Problematic pain syndromes

Lukas Radbruch, Rainer Sabatowski

Department of Anaesthesiology , University of Cologne, 50924 Köln, Germany

Adequate pain relief is archieved with a few simple guidelines as recommended by the World Health Organisation. However, even experienced pain management specialists report cases with inadequate pain relief despite high personal and technical efforts.

While patients often suspect ineffective medications or faults of the treating physician as the cause, physicians only to easily will identify the patient as the source of the pain problem ('problematic patient') or diagnose treatment resistent pain syndromes.

Therefore the first step with unreliefed cancer pain should be the careful and critical identification of the problem. Disturbences in the patient-physician-relationship may be relieved considerably if they are recognized and discussed openly. The second step should be the identification of an aim for the pain management that both physician and patient can agree to. The aim of complete freedom from pain and restoration of the status before the malignant disease often will not be realistic.
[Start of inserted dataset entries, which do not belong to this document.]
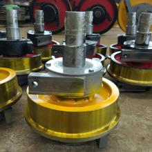 車輪組主要由車輪、軸、軸承箱組成。為便于安裝和維修,將車輪安裝在可整體拆卸接得角箱中,形成獨立部件。起重機運行機構(gòu)車輪的水平偏斜值是起重機重要的技術(shù)參數(shù),偏斜值超差會造成啃軌,增大運行阻力,產(chǎn)生振動和噪音,加劇軌道和車輪磨損,大大降低起重機使用壽命,所以各類起重機制造技術(shù)條件都要對車輪水平偏斜規(guī)定允許的數(shù)值。
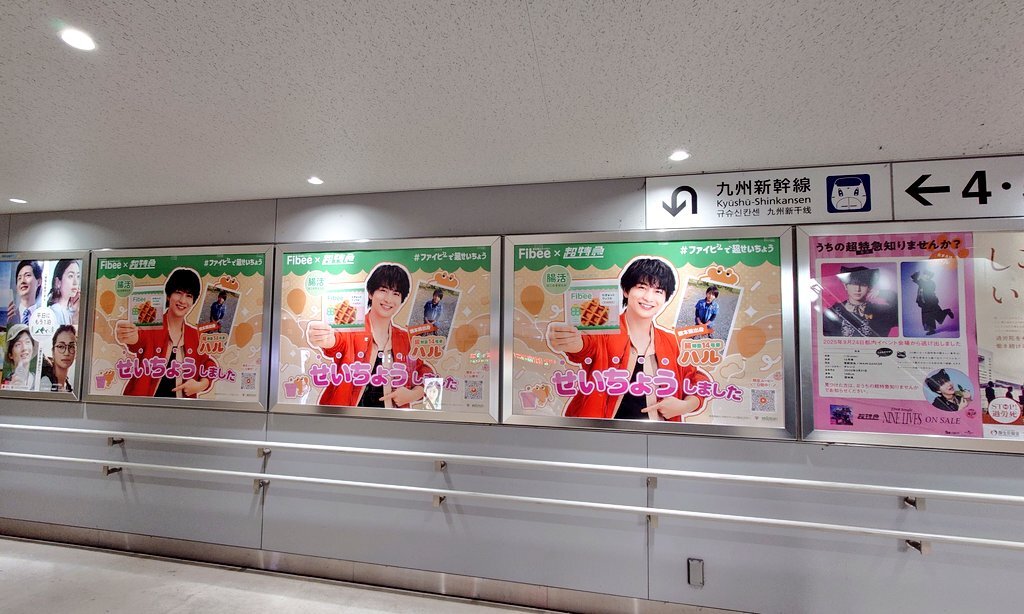 ライブ前に熊本駅にファイビーさんの広告見にいったんですけども、改札抜けた所全面にドドンと貼ってあってファイビーさんの愛がとても嬉しかったです🙏✨ #ファイビーで超せいちょう pic.x.com/2TnWBd7PJB
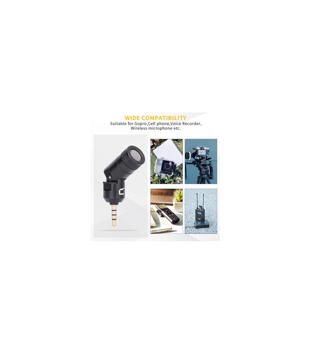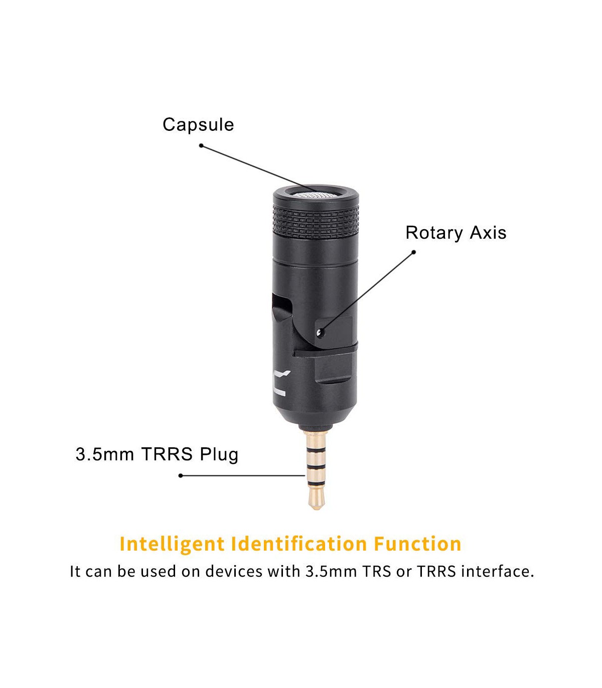 میکروفون موبایل کامیکا Comica CVM-VS07C به هر دستگاهی که پورت 3.5 میلی متری صدا داشته باشد متصل شده و به صورت خودکار بین دو حالت TRS و TRRS تغییر وضعیت می دهد تا استفاده از آن با انواع دوربین ها و موبایل ها ممکن باشد.

For patients with problematic pain that is resistant to the prescribed analgesic medication the regimen should be reassessed regarding obedience of the WHO recommendations: are analgesics,coanalgesics and adjuvants used as indicated and taken as prescribed, are application times appropriate, are further dose increases possible?

Treating cancer patients with opioids inadequate pain relief in most cases is not related to high dosage, but to intolerable side effects with low or medium dose ranges. Opioid switching is  recommended for these patients, though the level of evidence for this procedure is low. Other options are the symptomatic treatment of side effects or invasive procedures if indicated. Using all these options only few problematic pain syndromes remain. Some typical situations may be identified. Patients with bone pain may report adequate pain relief with rest, but intolerable pain with activity, and an increase of opioid dosage may lead to oversedation with rest. Patients with short exacerbations of pain may report inadequate pain relief as additional doses of immediate-release preparations may not provide a fast enough onset. For these situations treatment algorythms may be developed. Prerequisite for such an algorythm is the interdisciplinary cooperation of an experienced palliative care team with physicians, nurses and psychotherapeuts.